The result is a combination of 5-8 words that make absolutely no sense whatsoever and is purely random. According to experts, a 5-word string can be hacked via thousand or so PCs that feature high-end graphics processors while an 8-word string will remain secure through 2050.
Mira’s mom, Julia Angwin is an award-winning investigative journalist and author of the book, ‘Dragnet Nation’. She employed Mira as part of research for the book and this led the 6th grader to realize that other people might be interested in this particular service of hers as well. Mira says, “I started this business because my mom was too lazy to roll dice so many times, so she paid me to roll dice and make passwords for her.”
She started a website as well because otherwise the sales were slow. Making a website allowed her to gain more traction and got her service public. Upon receiving an order, Mira rolls a dice multiple times and looks up the corresponding words on Diceware word list. She ends the process by writing down the password string onto a paper and mailing it to the customer. She suggests that customers should impart a few changes once they receive it; capitalizing a few letters or addition of symbols.
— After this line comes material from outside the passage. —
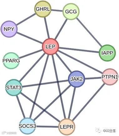 获得了具有14个节点的PPI网络。STRING 数据库分析确定了 10 种瘦素结合率最高的蛋白。如图 7 所示,GCG、IAPP、LEPR、GHRL、STAT3、PPARG、SOCS3、NPY、JAK2 和 PTPN1 被预测与瘦素具有强相互作用。然后,对通过STRING工具预测的蛋白质进行了GO分子功能和KEGG分析。GO_MF分析显示,信号受体结合和激素活性的相关性存在显著差异。KEGG分析显示与脂肪细胞因子和JAK-STAT信号通路的相关性存在显著差异。KEGG分析显示,STAT3、SOCS3、LEPR、JAK2和NPY在脂肪细胞因子信号通路中与瘦素相关,STAT3、SOCS3、LEPR和JAK2与JAK-STAT信号通路中的瘦素相关,提示瘦素可能与这些蛋白相互作用,激活PE中的脂肪细胞因子和JAK/STAT信号转导。
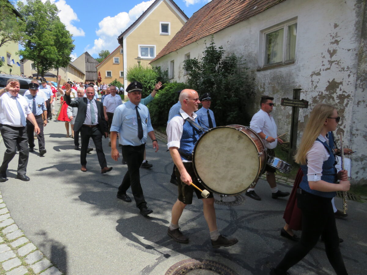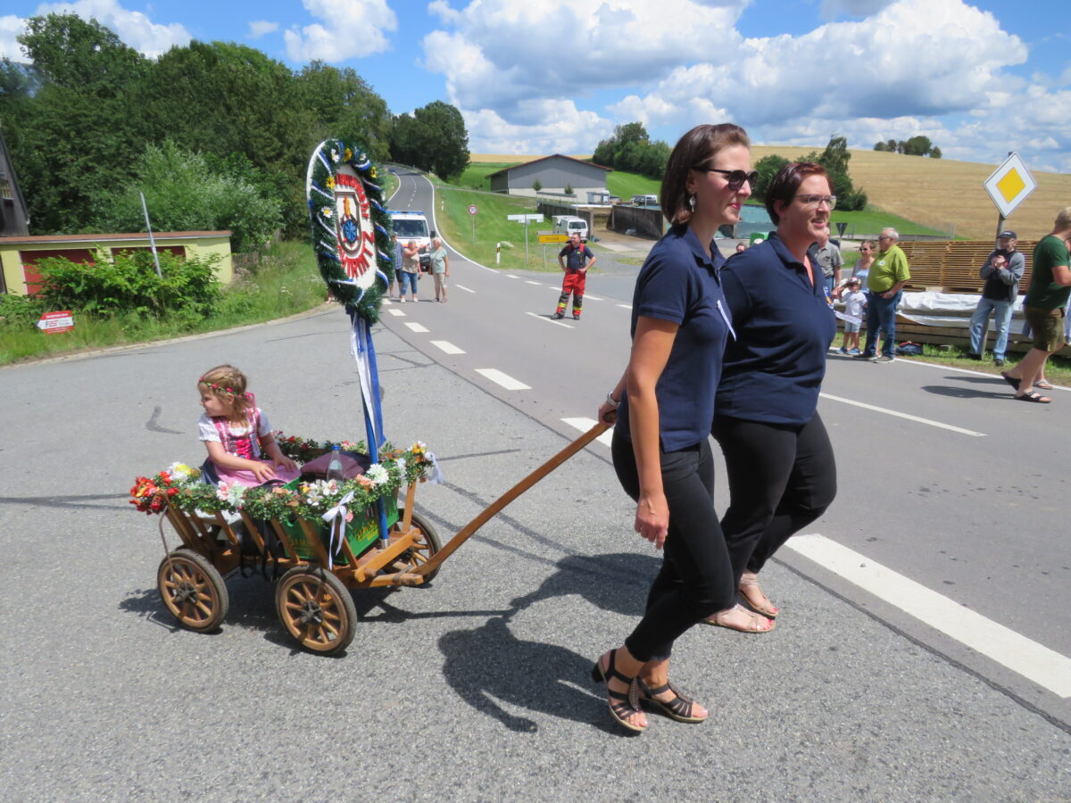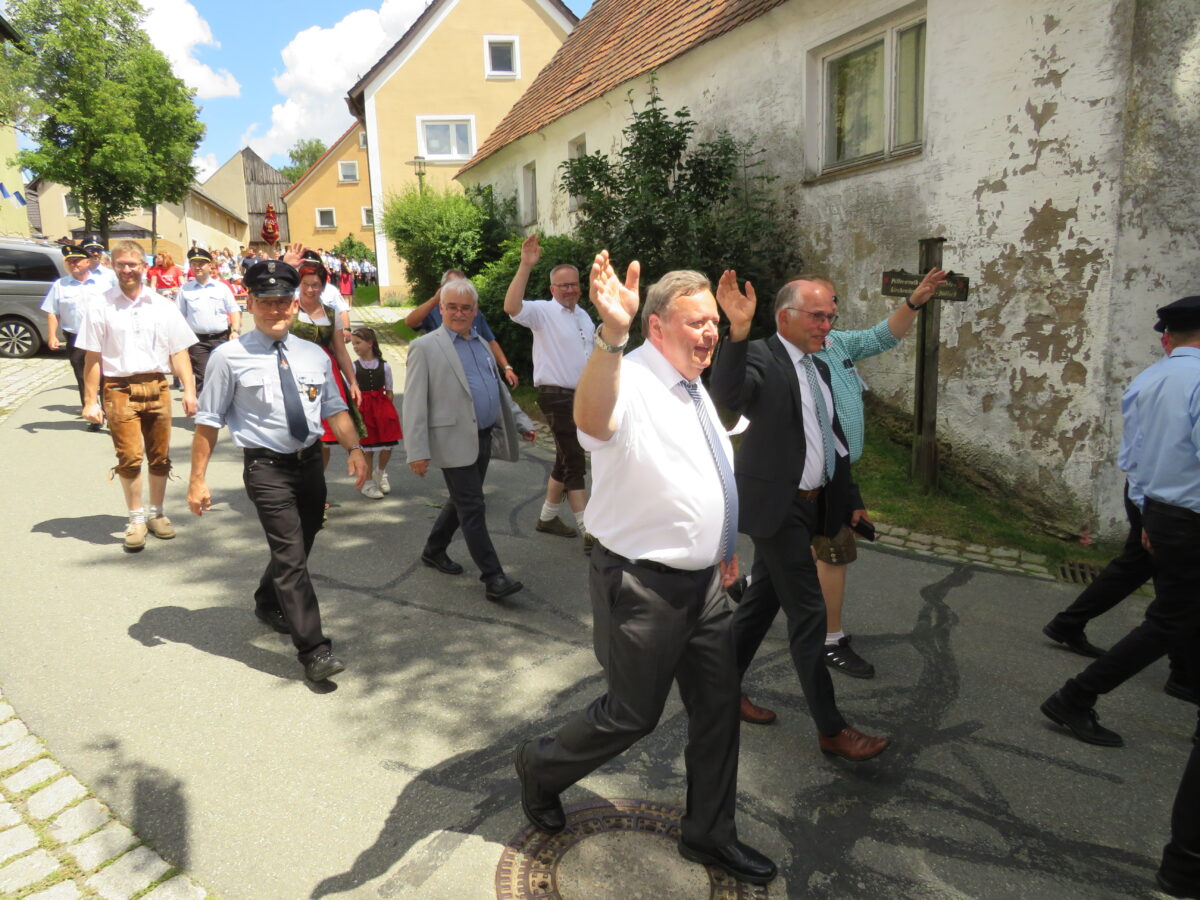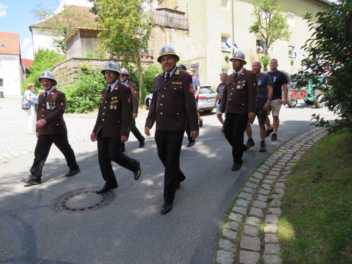 Höhepunkt der 150-Jahr-Feier der Feuerwehr war am Sonntag der Festzug durch Kirchendemenreuth zurück zum Festgelände. Pünktlich um 14 Uhr ertönte der Böllerschuss zum Start. 37 Gruppen hatten vorher Aufstellung beim Schimlstadel genommen. Drei Musikkapellen, die Landkreisführung, der Gemeinderat, mehrere Ortsvereine und Gastvereine aus Altenstadt und der Umgebung, die Fahnenabordnungen von Feuerwehren aus dem Landkreis Neustadt zogen mit dem Jubelverein und seinen Festdamen durch die Haberlandgemeinde. Nach dem Einzug der Fahnenträger übergaben die Festdamen das Fahnenband zum Jubiläum. Den Ausschank übernahm die Feuerwehr Klobenreuth. Die “Neuhauser Boum und Moidla” spielten zum Festausklang auf.

Mira has already sold about 30 passwords so far and is capable of earning $12 per hour if she worked full time. She herself also makes use of Diceware passwords. She says, “This whole concept of making your own passwords and being super secure and stuff, I don’t think my friends understand that, but I think it’s cool.”
The creator of Diceware was pleased to hear about this and said, “I am tickled to hear this, and no, I haven’t heard of anything like it before. Obviously, from a security perspective, it is much better to generate your own Diceware passphrase in private, but it is unlikely she is working for the bad guys, and any effort to publicize the importance of strong passwords is for the good.”